The 2010 publication Epigenetics in atherosclerosis and inflammation is a review study.  “Atherosclerosis is a multifactorial disease with a severe burden on western society. Recent insights into the pathogenesis of atherosclerosis underscore the importance of chronic inflammation in both the initiation and progression of vascular remodelling. — Besides genetic factors also epigenetic mechanisms play an essential and fundamental role in the transcriptional control of gene expression.  –. The concept of epigenetic regulation is gradually being recognized as an important factor in the pathogenesis of atherosclerosis. Recent research provides an essential link between inflammation and reprogramming of the epigenome.” The Programmed epigenomic changes theory of aging asserts that age-related reprogramming of the epigenome increases susceptibility to inflammation and inflammation-related diseases. 

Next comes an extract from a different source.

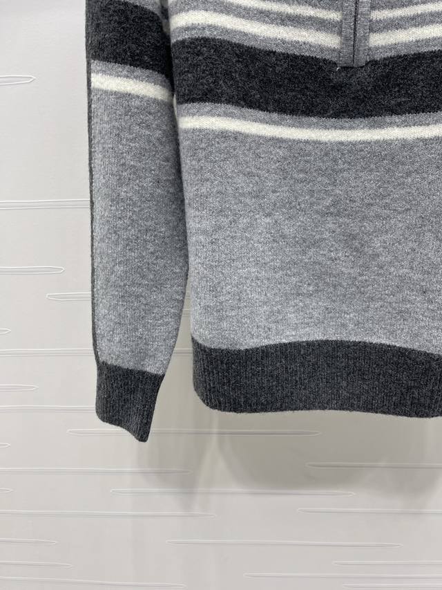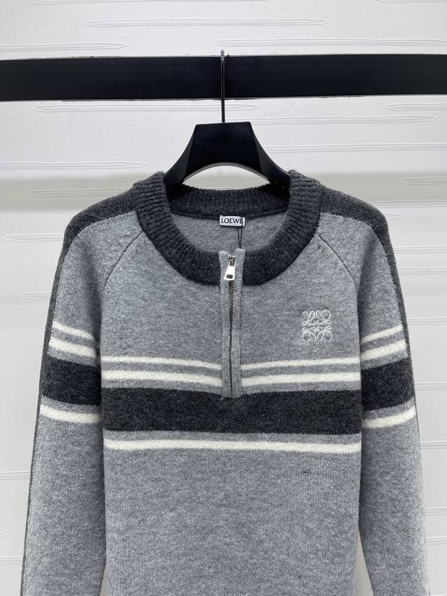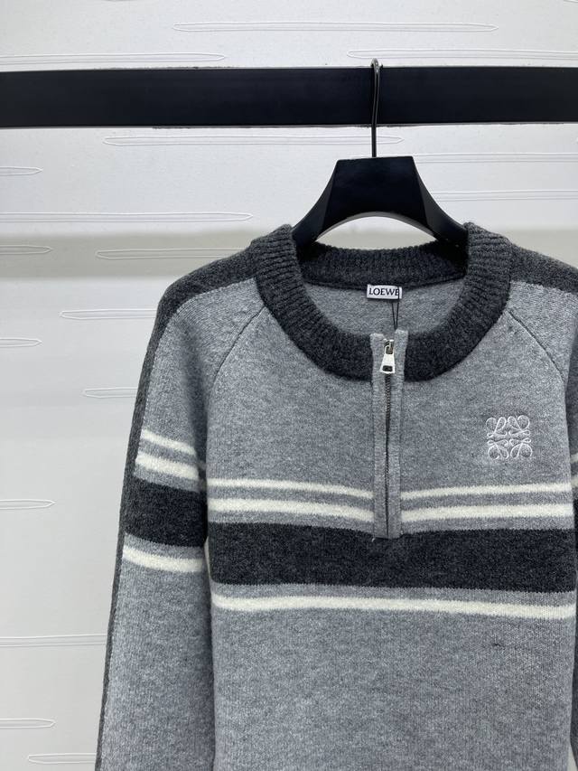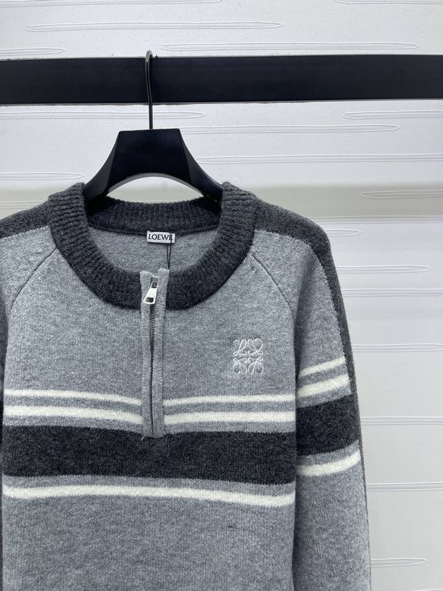 New Arrival! High-Quality Original Loew*2025 Early Autumn Collection! Half-Open Zipper Pullover Knit Sweater! Custom wool blend yarn material, high-quality, comfortable, and soft texture with distinct ribbed edges on the neckline and cuffs. Contrasting color- blocked stripes on the body, embroidered totem design on the chest, and micro-label design add rich texture. Regular slim fit, flattering for all body types and ages. A simple and versatile everyday style for autumn and winter! Available in 2 colors! Sizes SM-L3! High-quality bulk order A706B350C DDD

The 2008 publication Epigenetic regulation of gene expression in the inflammatory response and relevance to common diseases highlights the same points, extending their scope to autoimmune diseases and cancers. “It is clear that the epigenetic state is a central regulator of cellular development and activation. Emerging evidence suggests a key role for epigenetics in human pathologies, including in inflammatory and neoplastic disorders. The epigenome is influenced by environmental factors throughout life. Nutritional factors can have profound effects on the expression of specific genes by epigenetic modification, and these may be passed on to subsequent generations with potentially detrimental effects. Many cancers are associated with altered epigenetic profiles, leading to altered expression of the genes involved in cell growth or differentiation. Autoimmune and neoplastic diseases increase in frequency with increasing age, with epigenetic dysregulation proposed as a potential explanation. In support of this hypothesis, studies in monozygotic twins revealed increasing epigenetic differences with age. Differences in methylation status of CpG sites, monoallelic silencing, and other epigenetic regulatory mechanisms have been observed in key inflammatory response genes. The importance of the epigenome in the pathogenesis of common human diseases is likely to be as significant as that of traditional genetic mutations.”A number of studies have been concerned with identifying epigenomic changes associated with particular cancers.  Although they are often highly technical, they show that complicated epigenomic/epigenetic changes are involved in cancer processes. 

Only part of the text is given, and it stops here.